[Records excerpted from a collection]

+ + +

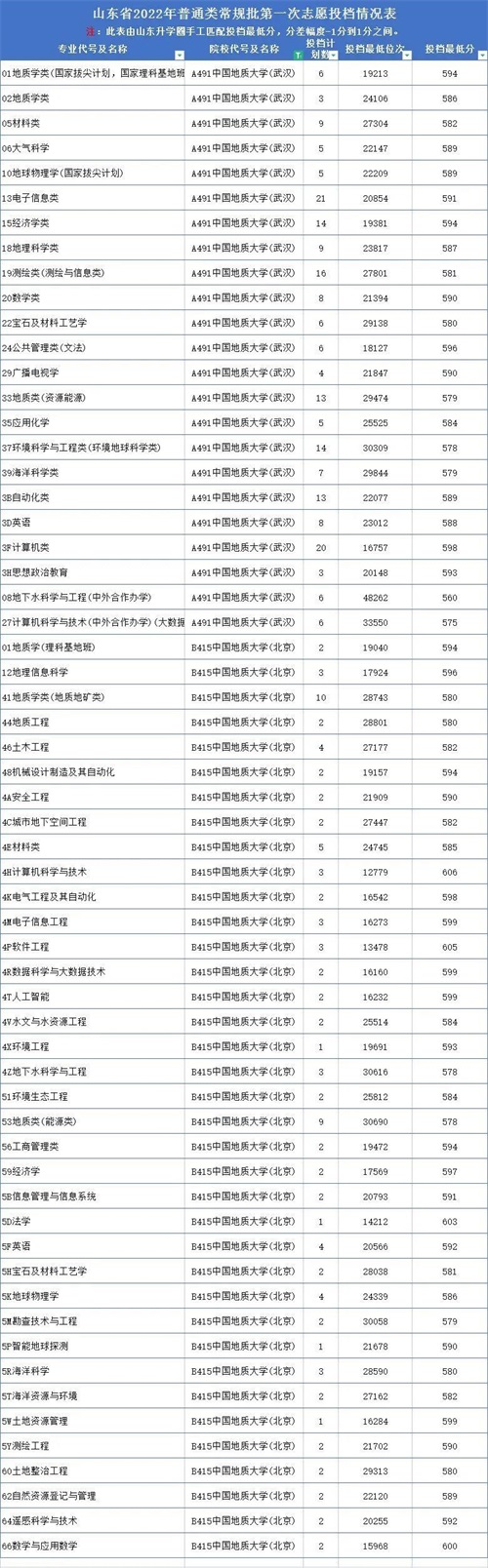 中国地质大学2022年在山东专业录取分数线:
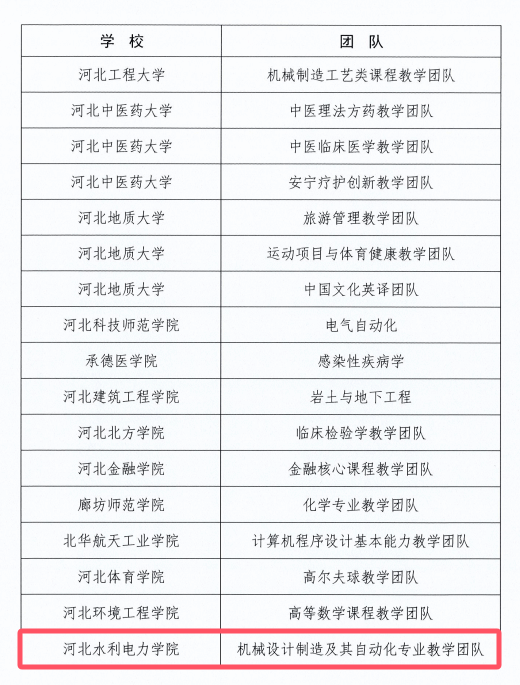 近日,河北省教育厅公布了《关于公布2025年河北省普通本科院校教学名师和优秀教学团队名单的通知》(冀教高函〔2025〕41号)。我校机械设计制造及其自动化专业教学团队获评“河北省普通本科院校优秀教学团队”,机械工程系副主任石岩教授获批“河北省普通本科院校教学名师”。
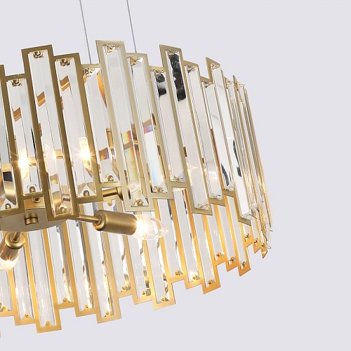 Металлический каркас золотого цвета с кольцом из скрепленных друг с другом металлических рамок разного размера, в которые инкрустированы удлиненные пластины из прозрачного хрусталя, цоколь E14, регулируемая высота.
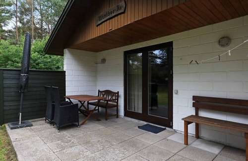 layout: open kitchen(cooker(electric), hood, coffee machine, microwave, fridge, freezer(60-99l)), living/bed room(tv(satellite, german television channels), radio, cd player, stereo unit), bedroom(2x single bed), bedroom(2x single bed), bathroom(floor heating)(bathtub or shower, washbasin, toilet), heating(electric), terrace, terrace(roofed), bbq, air to air heatpump
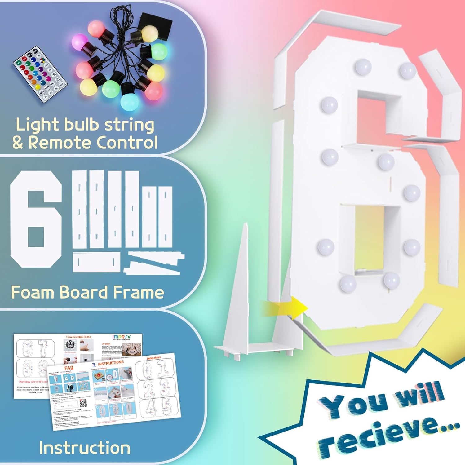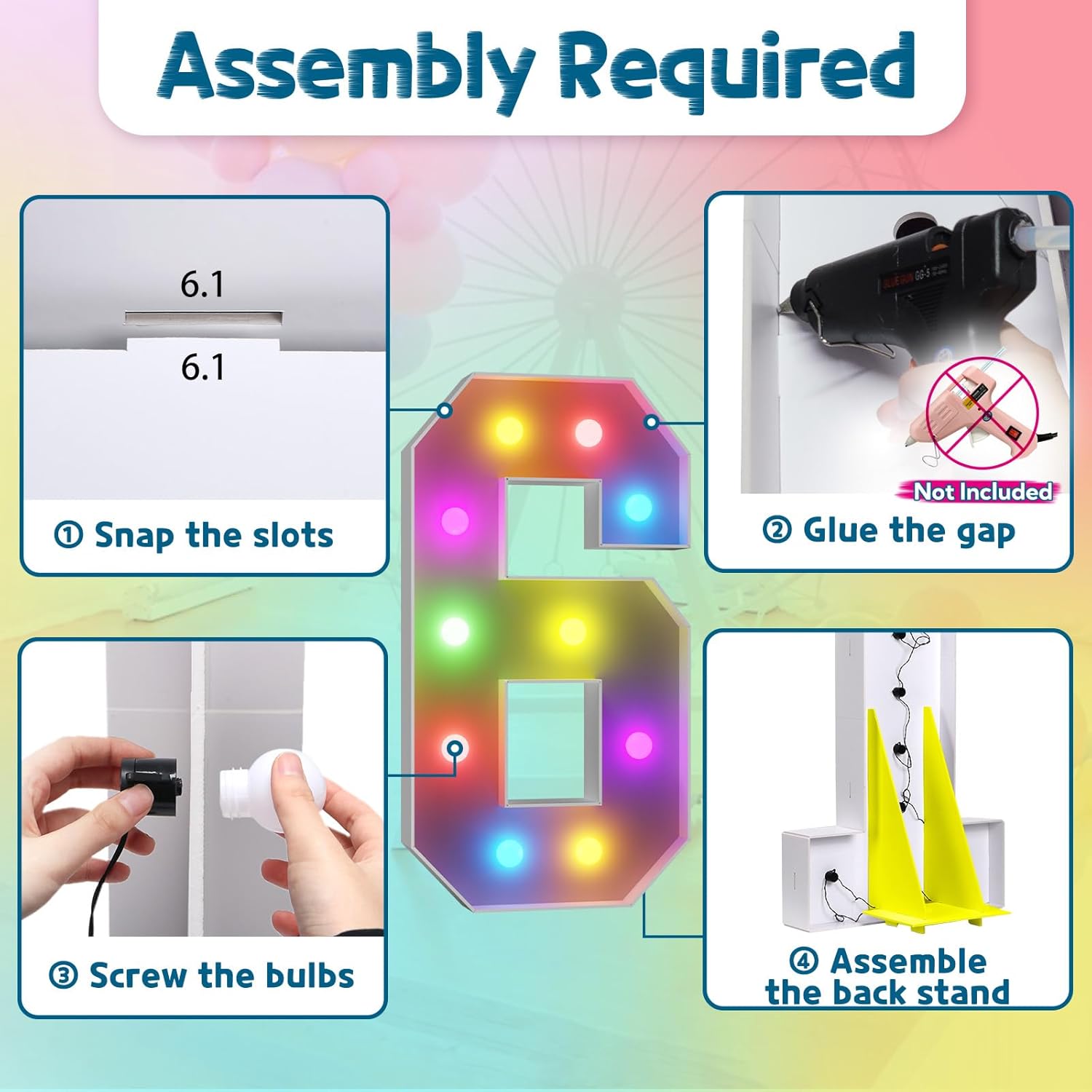 - Assembly Required. To assemble the light up numbers and letters, a hot glue gun is necessary. We have conveniently pre-cut the numbers into several pieces for your convenience. Simply consult the included instruction manual to easily assemble the impressive 4 ft tall and 3ft tall marquee numbers and letters using a hot glue gun.

+ + +

Exercise instructions ▸ Return verbatim every line from the line containing "近日,河北省教育厅公布了《关" to the last line of the entries above, inclusive, and leave out the pictures.

Task output ▸
 近日,河北省教育厅公布了《关于公布2025年河北省普通本科院校教学名师和优秀教学团队名单的通知》(冀教高函〔2025〕41号)。我校机械设计制造及其自动化专业教学团队获评“河北省普通本科院校优秀教学团队”,机械工程系副主任石岩教授获批“河北省普通本科院校教学名师”。
 Металлический каркас золотого цвета с кольцом из скрепленных друг с другом металлических рамок разного размера, в которые инкрустированы удлиненные пластины из прозрачного хрусталя, цоколь E14, регулируемая высота.
 layout: open kitchen(cooker(electric), hood, coffee machine, microwave, fridge, freezer(60-99l)), living/bed room(tv(satellite, german television channels), radio, cd player, stereo unit), bedroom(2x single bed), bedroom(2x single bed), bathroom(floor heating)(bathtub or shower, washbasin, toilet), heating(electric), terrace, terrace(roofed), bbq, air to air heatpump
 - Assembly Required. To assemble the light up numbers and letters, a hot glue gun is necessary. We have conveniently pre-cut the numbers into several pieces for your convenience. Simply consult the included instruction manual to easily assemble the impressive 4 ft tall and 3ft tall marquee numbers and letters using a hot glue gun.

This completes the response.